In Newtonian mechanics, there is no "gravitational field". In general relativity, there is no "gravitational force".

I disagree. In Newtonian mechanics you certainly can define a gravitational field. It just doesn't have any interesting dynamics on its own.

 

[Hill]

Newton never truly understood gravity… but do we?

Since in our best theory of gravity the gravitational field does not exert a gravitational force, what does the question in the title of the thread refer to?

 

[adjurovich]

I have asked about classical (more precisely Newtonian) description, not the relativistic one. You cannot expect from a high school student to know much about general theory of relativity?

 

[Hill]

I have asked about classical (more precisely Newtonian) description, not the relativistic one.
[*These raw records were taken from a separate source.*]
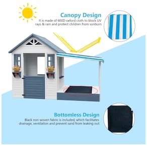 Esta casa de brinquedo é feita de madeira premium e tratada com tinta à base de água, garantindo durabilidade e segurança para as crianças. Com uma caixa de areia funcional e duas caixas de plantio, ela apresenta um design esteticamente agradável que incentiva brincadeiras imaginativas e oferece horas de diversão ao ar livre. Com dimensões de 84,6 cm de comprimento, 38,8 cm de profundidade e 61,5 cm de altura, esta casa é uma adição atraente para pátios, decks, gramados, jardins e quintais. Os cantos são lisos e a superfície é polida, eliminando rebarbas ou pontas afiadas que possam causar acidentes. Este brinquedo é ideal para ajudar seu filho a aprender a interagir, explorar e brincar de faz de conta, promovendo o desenvolvimento de habilidades cognitivas e sociais. Com esta casa de brinquedo, você passará menos tempo na montagem e mais tempo aproveitando momentos de diversão com seus filhos.
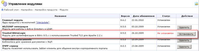 - Необходимо скопировать каталог c исходными текстами модуля TrustedBitrixLogin в каталог bitrix/modules/ . При отображении общего списка модулей он будет присутствовать в нем под названием «TrustedBitrixLogin» версии 8.5.0 (Рис. 4).
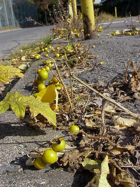 駐車場の隅に点在するワルナスビの実。昨年6月11日の日記にこれにまつわる子育ての失敗談がある。 |

You cannot expect from a high school student to know much about general theory of relativity?

I see. Anyway, the modern answer to that question is, it does not. Here is "the answer" from Gravitation by Misner, Thorne, and Wheeler:

 

[Vanadium 50]

This is essentially the same question as in your last thread, with "gravity" swapped for "electric".

 

[adjurovich]

If you read both questions you can clearly see that they are referring to two totally different things. But since you seem to be very much interested into my posts, I won’t be explaining anything further. If you have nothing else to do than compare and analyze questions of a high school student, I highly suggest you to find a hobby. There is always an option to skip a question you don’t like? It’s better than spamming someone’s inbox and wasting your own precious time on writing useless replies

 

[berkeman]

It’s better than spamming someone’s inbox

He didn't spam your inbox. More likely you got a notification that he replied in your thread. Please be careful using the term "spamming" here. Thank you.

 

[hmmm27]

I am not sure if there is in fact a classical description of how it occurs, but I’d like to know if there isn’t too!

That would be the second paragraph in post #5, to which you've yet to respond.

 

[Dale]

As others have mentioned, there are two major theories of gravity: Newtonian gravity and general relativity.

In Newtonian gravity, there is not a cause-and-effect relationship. Causes come before effects, and that doesn't happen in Newtonian gravity. A change in the sources occurs at the same time as a change in the field, not before. Furthermore, the field has no internal dynamics. So, while mass is the source of gravity, the relationship is not a causal one, which is weird.

In general relativity, there can be a cause-and-effect relationship in many cases. The field has interesting internal dynamics. The source of gravity is not just mass, but the full stress-energy tensor which includes mass, energy, momentum, pressure, and stress. The field is not a force field but represents the tidal effects of gravity. In the cases with cause-and-effect changes in the stress-energy tensor cause changes in the field, changes propagate at ##c##, and those cases include many realistic scenarios.